# Problem to work on:
What you copy should be the lines from the one with "打开铁路12306App,进" through the end of the entries, word for word. Omit the pictures.

┌─ Source data

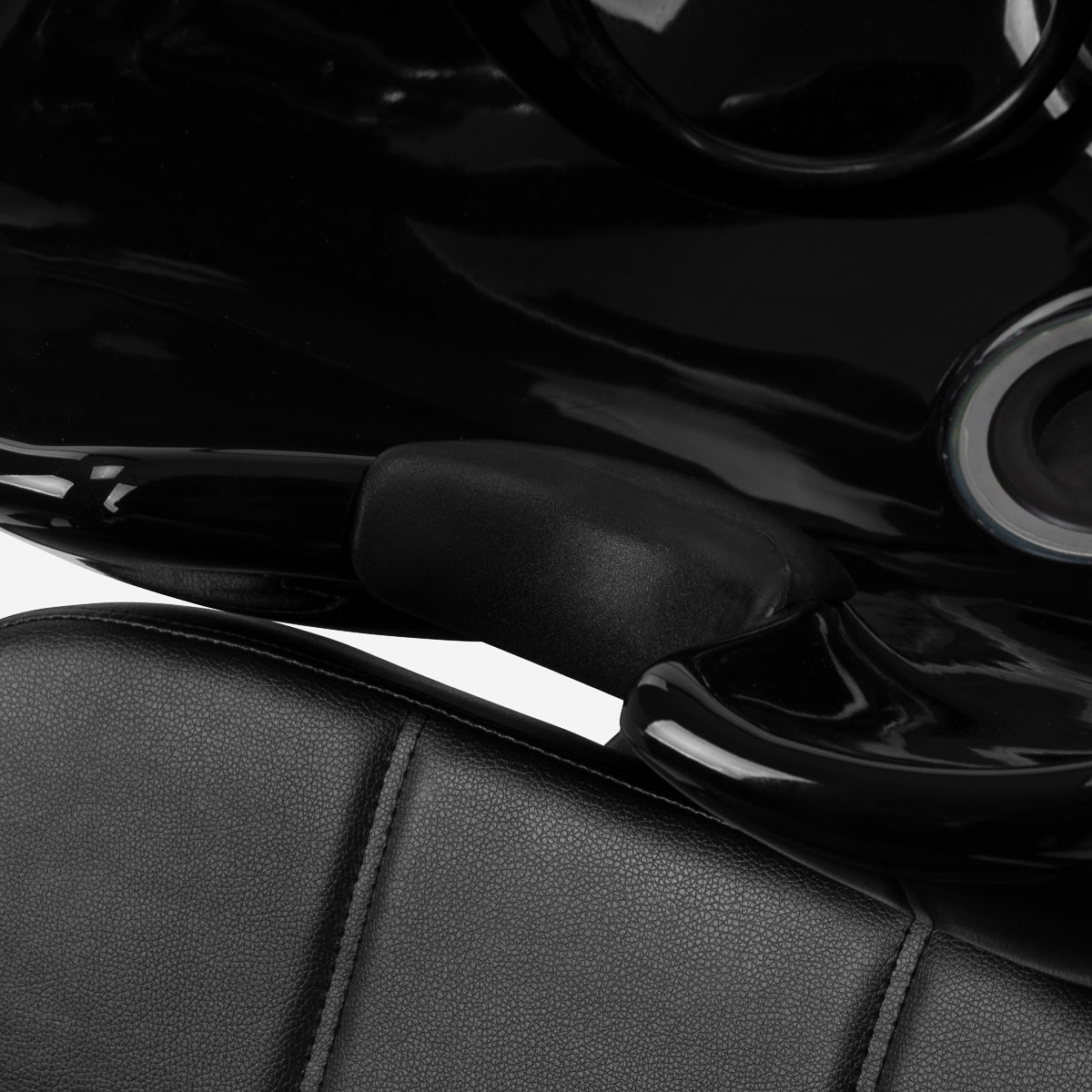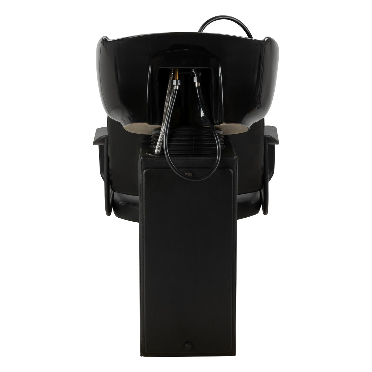 Le modèle est équipé d’un mitigeur, garantissant un accès constant à l’eau chaude et froide ainsi qu’un réglage pratique de la température selon les besoins du client. Un support pour la douchette améliore l’organisation du travail, tandis qu’un bouchon avec filtre intégré permet de contrôler le débit d’eau et aide à maintenir l’hygiène à la station. La connexion d’eau dissimulée dans la base permet une installation soignée et discrète, soulignant l’aspect net et professionnel de la station de lavage. Ces solutions fonctionnelles assurent un travail quotidien efficace et confortable en salon.
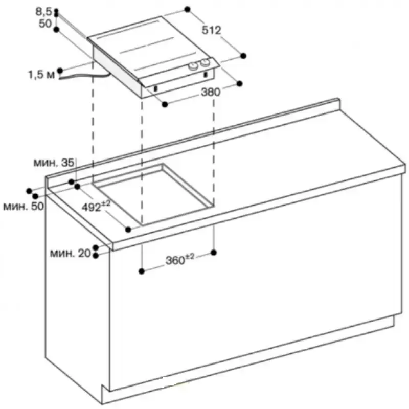 • Устанавливается на столешницу
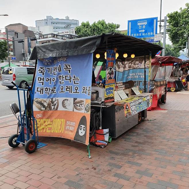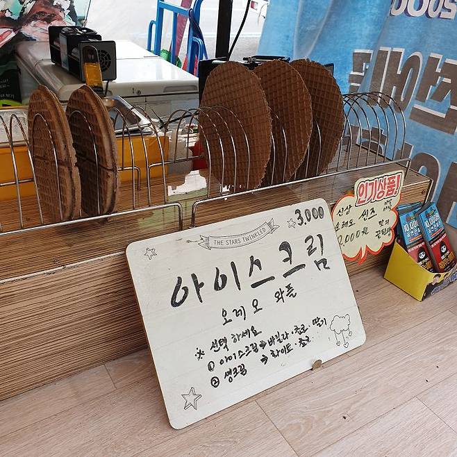 도착해 보니 노릇하게 구워진 와플들이 날 기다리고 있어서
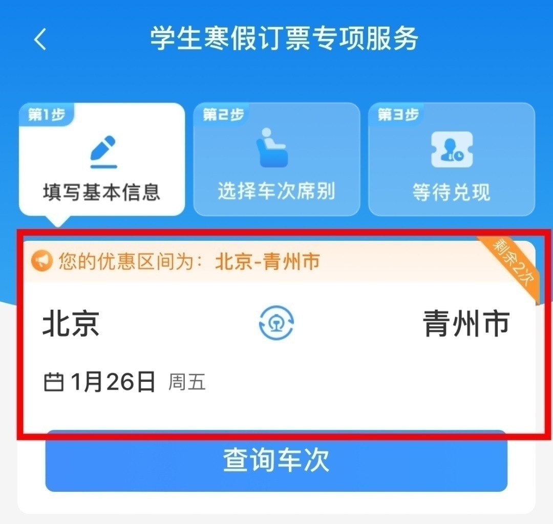 打开铁路12306App,进入“学生、务工人员春运预约订票专区”,点击“学生寒假订票专项服务”。系统将默认填写优惠乘车区间,并提示剩余优惠次数。
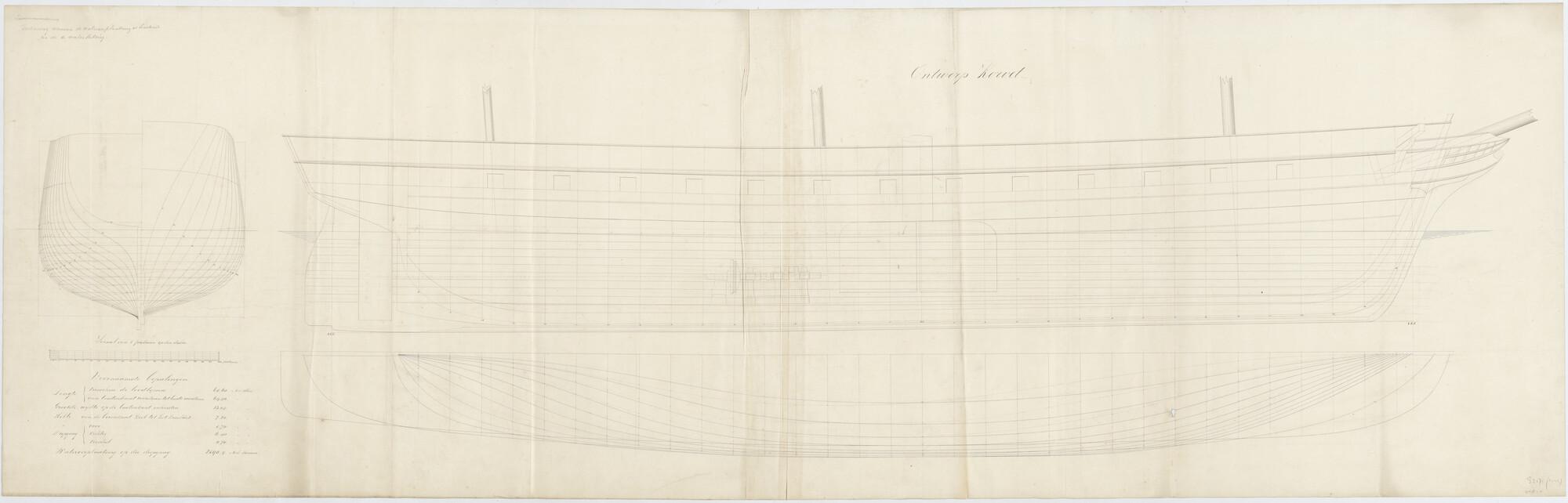 Lijnenplan en spantenraam van het 2de pantserschip p...
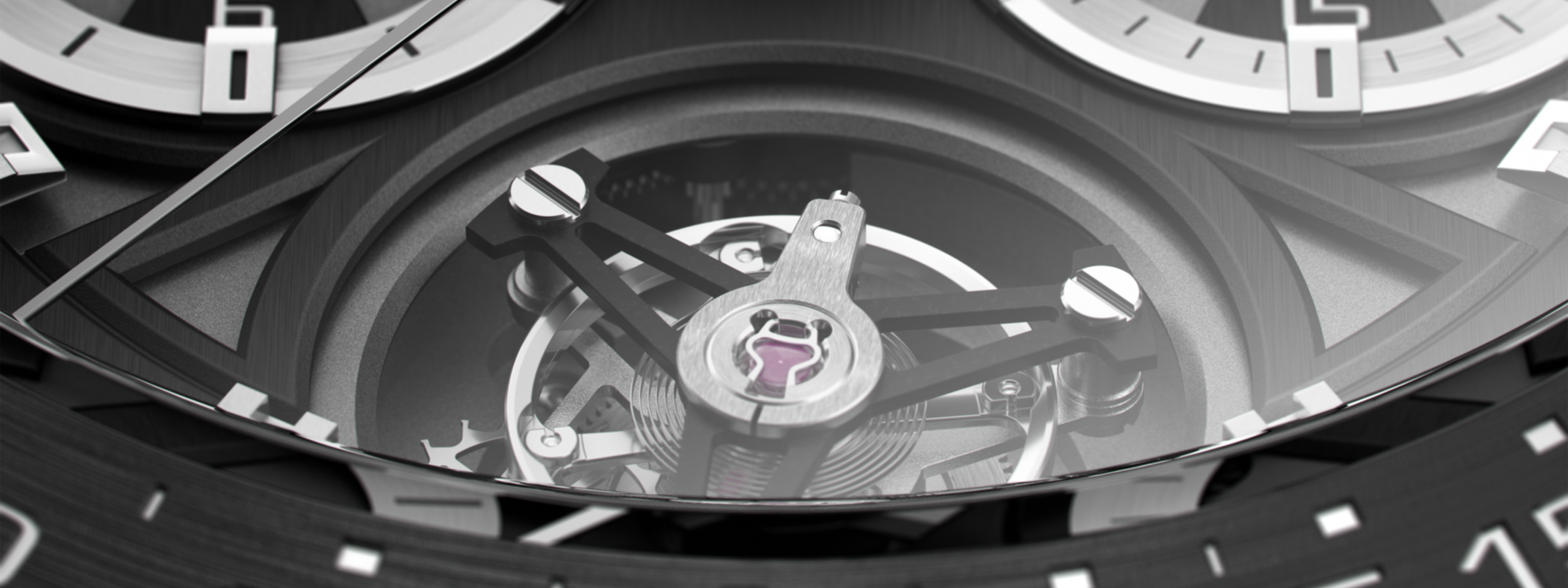 Functions Hours, Minutes, Chronograph : 1/4 second, 30 minutes counter, 12 hours counter, Tourbillon 1 minute
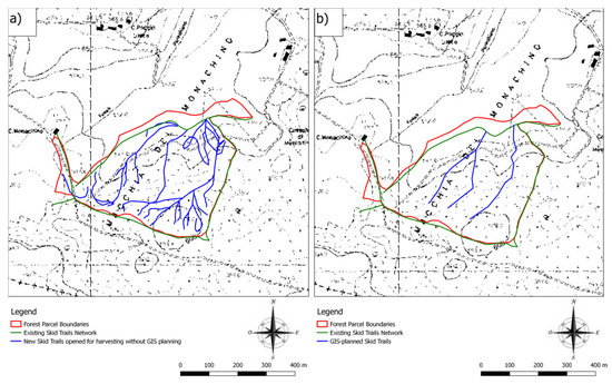 An example of the efficiency of GIS in forest operations planning is given in Figure 2, which is a real application by the authors of precision forest harvesting in a Central Italy turkey oak coppice forest yard, utilizing the methodology proposed by Picchio et al. [11]. In the above-mentioned figure, it is possible to see the great difference in terms of skid trails number and length between a GIS-planned (Figure 2b) and a not-planned (Figure 2a) yard.
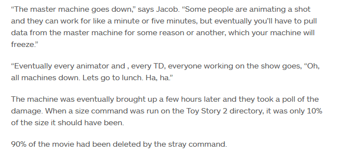 · Una anécdota clásica: cómo Pixar borró por accidente Toy Story 2.

└─

# Your solution:
 打开铁路12306App,进入“学生、务工人员春运预约订票专区”,点击“学生寒假订票专项服务”。系统将默认填写优惠乘车区间,并提示剩余优惠次数。
 Lijnenplan en spantenraam van het 2de pantserschip p...
 Functions Hours, Minutes, Chronograph : 1/4 second, 30 minutes counter, 12 hours counter, Tourbillon 1 minute
 An example of the efficiency of GIS in forest operations planning is given in Figure 2, which is a real application by the authors of precision forest harvesting in a Central Italy turkey oak coppice forest yard, utilizing the methodology proposed by Picchio et al. [11]. In the above-mentioned figure, it is possible to see the great difference in terms of skid trails number and length between a GIS-planned (Figure 2b) and a not-planned (Figure 2a) yard.
 · Una anécdota clásica: cómo Pixar borró por accidente Toy Story 2.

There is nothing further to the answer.